Problem statement - Repeat exactly the lines of the material below that run from the "画像3は明日の航海に備えて船" line to the "given BoundsDistanceThreshold. |" line, including both, and do not carry over any pictures.

Recorded information -
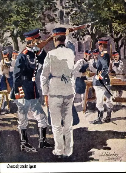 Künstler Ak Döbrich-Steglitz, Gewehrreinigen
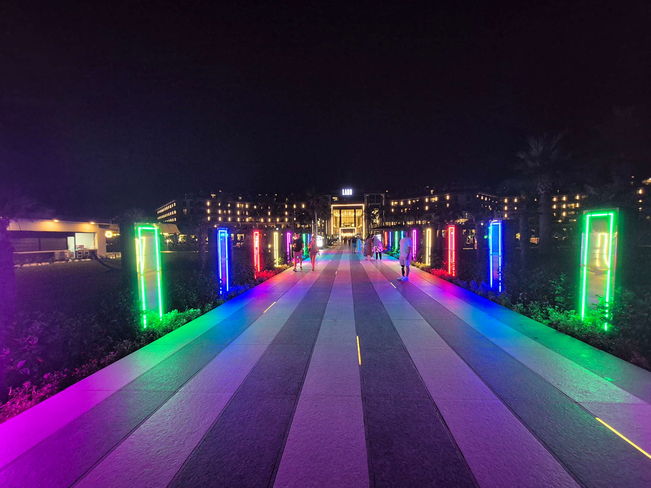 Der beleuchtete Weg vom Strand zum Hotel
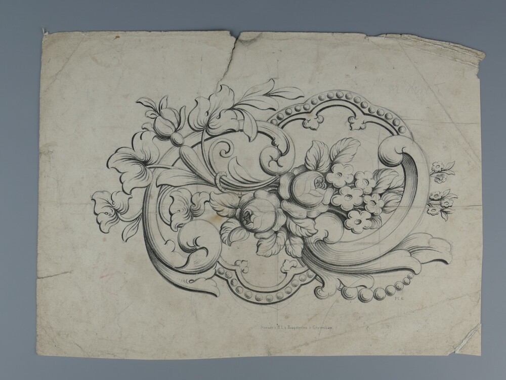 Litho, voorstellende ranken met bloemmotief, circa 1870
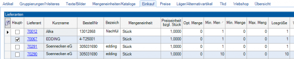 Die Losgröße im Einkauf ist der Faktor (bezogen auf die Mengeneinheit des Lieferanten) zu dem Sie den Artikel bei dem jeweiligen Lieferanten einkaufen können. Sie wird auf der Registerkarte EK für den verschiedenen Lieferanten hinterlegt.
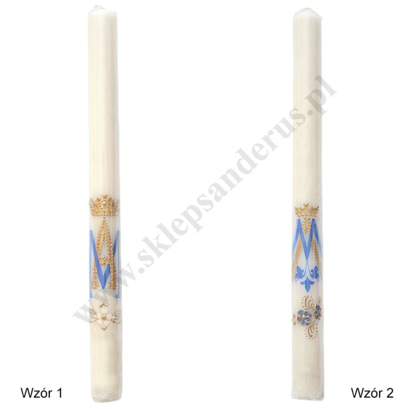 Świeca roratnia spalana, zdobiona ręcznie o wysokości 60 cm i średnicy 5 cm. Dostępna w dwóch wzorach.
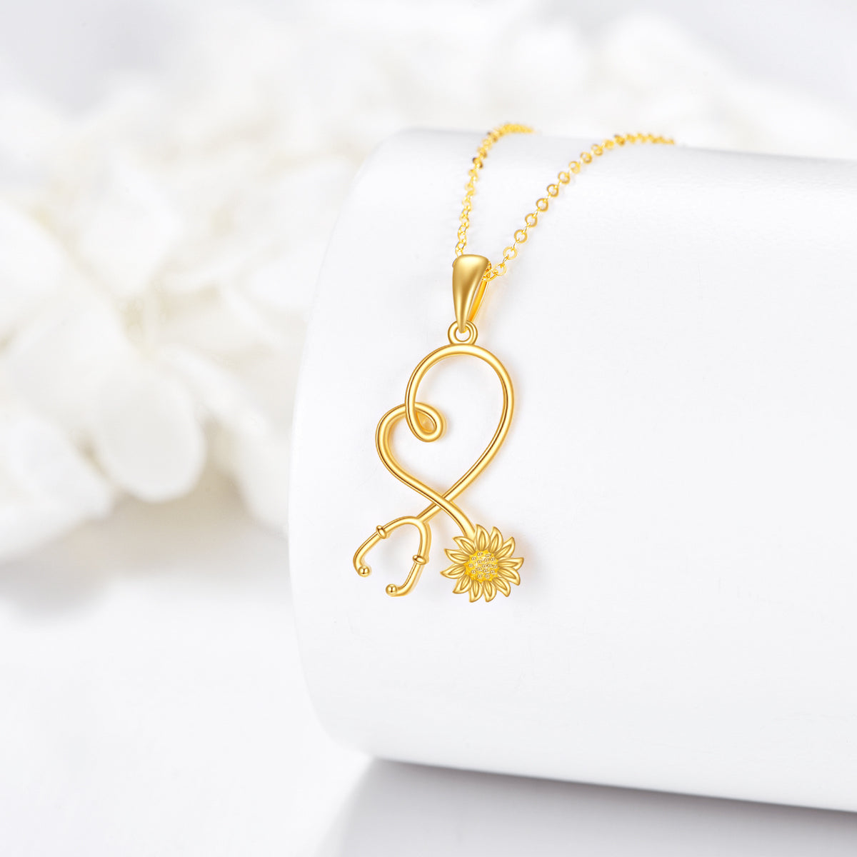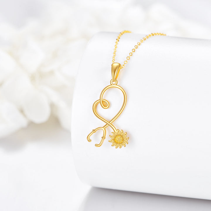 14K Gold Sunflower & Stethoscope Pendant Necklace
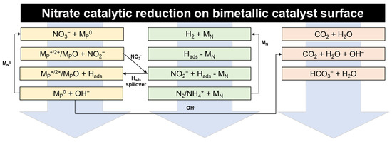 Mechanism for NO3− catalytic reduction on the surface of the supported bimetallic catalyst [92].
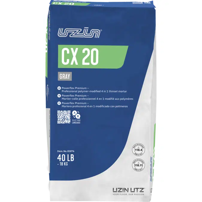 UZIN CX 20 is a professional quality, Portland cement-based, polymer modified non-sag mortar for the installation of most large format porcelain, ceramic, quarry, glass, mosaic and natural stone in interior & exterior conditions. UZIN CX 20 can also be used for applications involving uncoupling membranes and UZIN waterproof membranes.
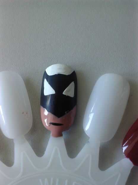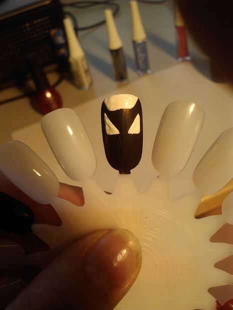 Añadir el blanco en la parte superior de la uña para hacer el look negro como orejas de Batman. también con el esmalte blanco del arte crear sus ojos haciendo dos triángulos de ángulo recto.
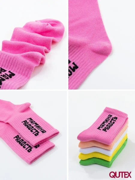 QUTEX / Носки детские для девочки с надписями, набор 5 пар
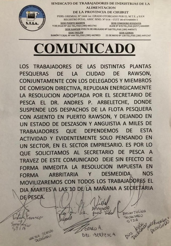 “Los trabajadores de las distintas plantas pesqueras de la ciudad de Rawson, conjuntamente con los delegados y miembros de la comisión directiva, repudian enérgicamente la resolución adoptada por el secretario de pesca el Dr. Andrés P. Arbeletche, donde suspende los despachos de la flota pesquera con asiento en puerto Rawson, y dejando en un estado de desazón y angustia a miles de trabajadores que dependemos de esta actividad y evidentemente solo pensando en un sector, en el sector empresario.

--

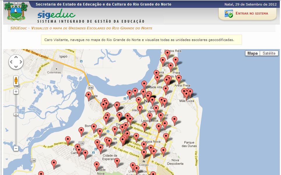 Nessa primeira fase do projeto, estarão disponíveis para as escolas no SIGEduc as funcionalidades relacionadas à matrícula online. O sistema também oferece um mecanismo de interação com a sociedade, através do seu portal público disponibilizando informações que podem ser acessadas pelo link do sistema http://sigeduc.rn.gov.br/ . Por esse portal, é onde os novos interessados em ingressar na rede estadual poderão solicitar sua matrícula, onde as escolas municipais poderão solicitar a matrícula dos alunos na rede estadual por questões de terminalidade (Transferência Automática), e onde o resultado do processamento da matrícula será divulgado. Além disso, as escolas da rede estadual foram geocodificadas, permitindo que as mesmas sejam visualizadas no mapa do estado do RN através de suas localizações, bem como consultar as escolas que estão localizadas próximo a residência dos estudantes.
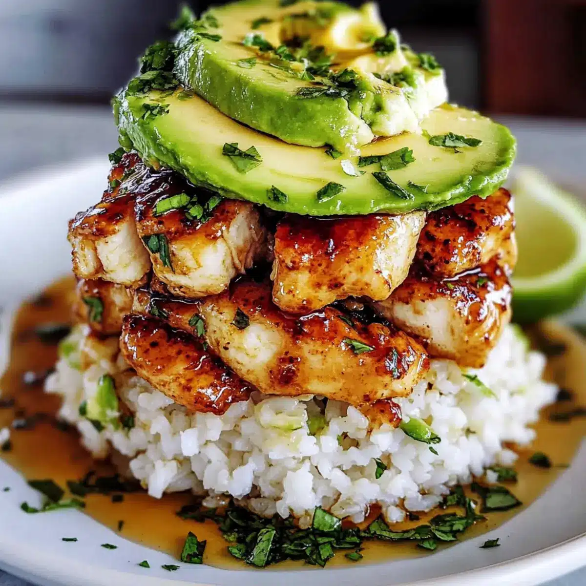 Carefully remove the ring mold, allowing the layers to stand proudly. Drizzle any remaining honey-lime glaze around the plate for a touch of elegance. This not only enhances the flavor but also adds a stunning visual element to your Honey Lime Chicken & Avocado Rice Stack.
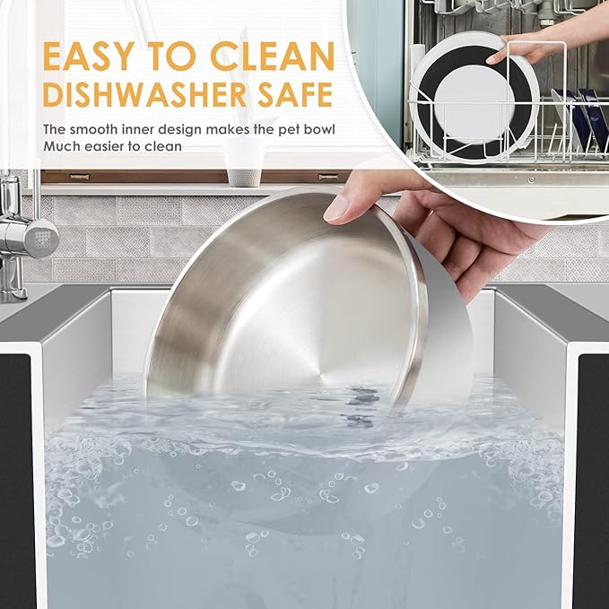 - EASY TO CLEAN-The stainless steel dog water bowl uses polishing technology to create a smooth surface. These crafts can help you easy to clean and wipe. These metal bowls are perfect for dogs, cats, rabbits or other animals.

==

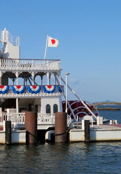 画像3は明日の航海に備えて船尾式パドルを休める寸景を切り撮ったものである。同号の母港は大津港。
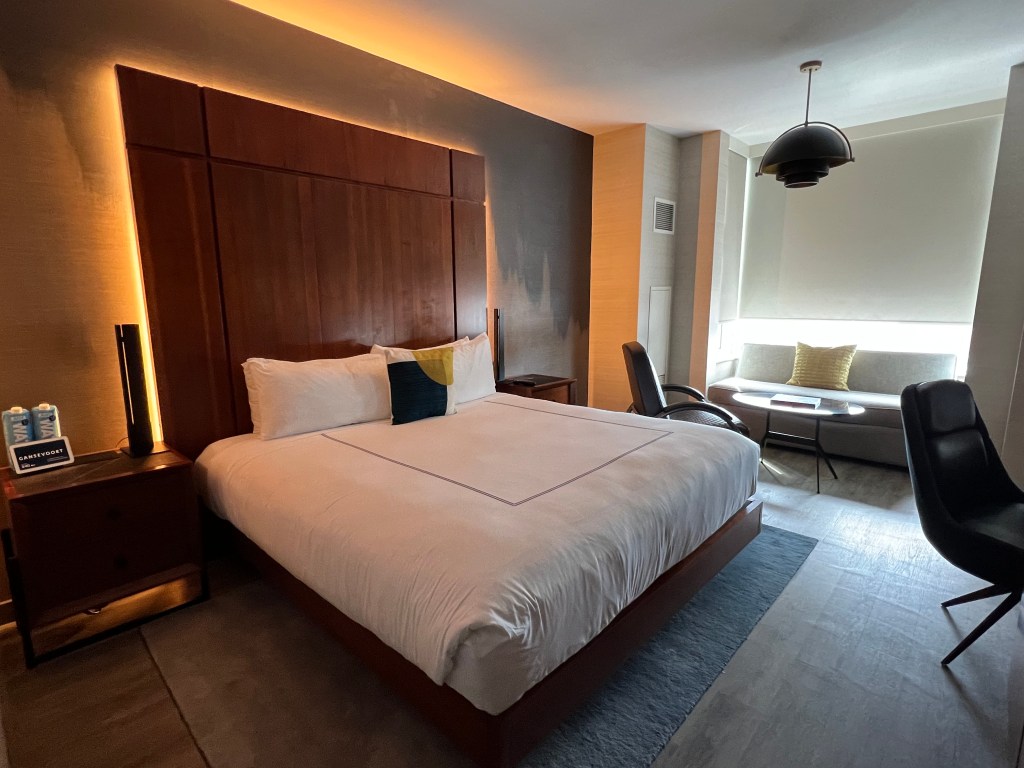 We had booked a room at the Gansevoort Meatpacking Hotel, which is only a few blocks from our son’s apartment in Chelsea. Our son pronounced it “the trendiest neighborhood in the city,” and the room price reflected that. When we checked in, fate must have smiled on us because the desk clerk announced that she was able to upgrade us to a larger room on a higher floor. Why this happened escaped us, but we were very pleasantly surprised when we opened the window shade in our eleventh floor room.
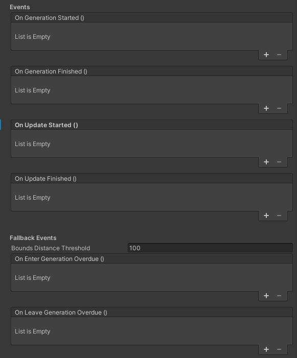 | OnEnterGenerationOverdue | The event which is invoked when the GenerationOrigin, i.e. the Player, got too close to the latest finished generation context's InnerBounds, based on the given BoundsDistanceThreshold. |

Written solution -
 画像3は明日の航海に備えて船尾式パドルを休める寸景を切り撮ったものである。同号の母港は大津港。
 We had booked a room at the Gansevoort Meatpacking Hotel, which is only a few blocks from our son’s apartment in Chelsea. Our son pronounced it “the trendiest neighborhood in the city,” and the room price reflected that. When we checked in, fate must have smiled on us because the desk clerk announced that she was able to upgrade us to a larger room on a higher floor. Why this happened escaped us, but we were very pleasantly surprised when we opened the window shade in our eleventh floor room.
 | OnEnterGenerationOverdue | The event which is invoked when the GenerationOrigin, i.e. the Player, got too close to the latest finished generation context's InnerBounds, based on the given BoundsDistanceThreshold. |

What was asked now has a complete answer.